Mental Health Experts, Educators, Community Come Together for Conversation About Toxic Stress
06/09/2023 -
Two nationally recognized experts helped lead a conversation organized by the Sonoma County Office of Education about childhood trauma and toxic stress, their effects on educational outcomes, and resilience and healing.
Former California surgeon general Dr. Nadine Burke Harris led off Thursday’s event in Rohnert Park, called Conversations in Community, by detailing her work around what are known as adverse childhood experiences, and how they can affect a range of health and educational outcomes.
The reason these experiences have such a wide range of effects on developing children is because of the way our bodies respond to stress, said Burke Harris, who lives in Sonoma County. Early humans’ stress responses tended to be related to rare, imminent threats to physical safety, such as from a predator like a bear, she said. But children who experience toxic stress in the form of adverse childhood experiences have their stress responses triggered repeatedly.
“The problem is what happens when the bear comes home every night,” Burke Harris said. “And this biological response that was designed to be activated once in our lives to save us from a mortal threat happens over and over and over.”
Adverse childhood experiences fall into 10 categories, including experiences such as being exposed to substance abuse, mental illness, or various forms of abuse, as well as having a member of a family who is incarcerated. Research has found that the more different types of such experiences a child is exposed to, the greater their risk is for homelessness or substance abuse, as well as physical outcomes such as heart disease, cancer, or Alzheimer’s, Burke Harris said.
Dr. Bruce Perry, a best-selling author who specializes in neurobiology and spoke via Zoom, discussed the ways in which childhood trauma can manifest in the classroom, creating symptoms similar to attention deficit hyperactivity disorder. Students with adverse childhood experiences may require a greater number of repetitions of classroom content than their peers, which means it becomes easier for them to fall behind in school, he said.
In her opening remarks, Sonoma County Superintendent of Schools Dr. Amie R. Carter addressed the numerous collective traumas the region’s schoolchildren have experienced since 2017, from large scale natural disasters such as wildfires and floods, to the COVID-19 pandemic, and social issues such as racial injustice and widening economic disparities. She said both Burke Harris’s and Perry’s work had greatly informed her approach as an educator and administrator.

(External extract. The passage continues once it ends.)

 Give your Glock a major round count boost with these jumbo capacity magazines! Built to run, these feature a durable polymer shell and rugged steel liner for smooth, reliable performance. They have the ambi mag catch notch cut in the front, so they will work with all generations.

“My brain was being cracked open,” she said of her first exposure to this research and why she wanted to bring the two experts together for a conversation. “It was offering me a whole new way to address what I saw in (students’) behaviors and what I saw in our educational system.”

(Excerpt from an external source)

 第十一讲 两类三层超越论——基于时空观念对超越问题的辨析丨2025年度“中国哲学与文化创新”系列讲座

Both Burke Harris and Perry emphasized the important role educators and people who work in schools can play in combating and mitigating the impacts of toxic stress. Even though educators are not mental health professionals, they have the ability to create safe, stable, and nurturing relationships and environments when students are at school, which have been shown to be the best way to reduce stress levels.
“You don’t have to do it all,” Burke Harris told the educators and school staff among the audience of about 300. “But when you have the foundational understanding, when we are all on the same page about what we’re doing … then we can make a profound change in the outcomes for our kids.”
Burke Harris’s and Perry’s keynote speeches were followed by a joint conversation in which they addressed questions from the community, including what tangible actions might help foster the environments that students need to feel safe and supported. Each emphasized the need for more, deeper engagement with students and school families.
“Many of the kids who struggle the most in school have parents who struggled in schools,” Perry said. “The adults don’t feel safe or welcome at school.” He emphasized the need to work to bring those families into the school community because, “We know that the more adults who are in the school, the more it feels like a community space.”
Each speaker also emphasized the need to recognize and respond to the needs of teachers, who have been exposed to many of the same community and social traumas as their students.
Thursday’s Conversations in Community was the first of several planned events around the subject of youth mental health. Participants were invited to take home a copy of a recent book by either Burke Harris or Perry. People who work in educational settings will be invited to the next event, a book discussion, on Aug. 2 at the Sonoma County Office of Education.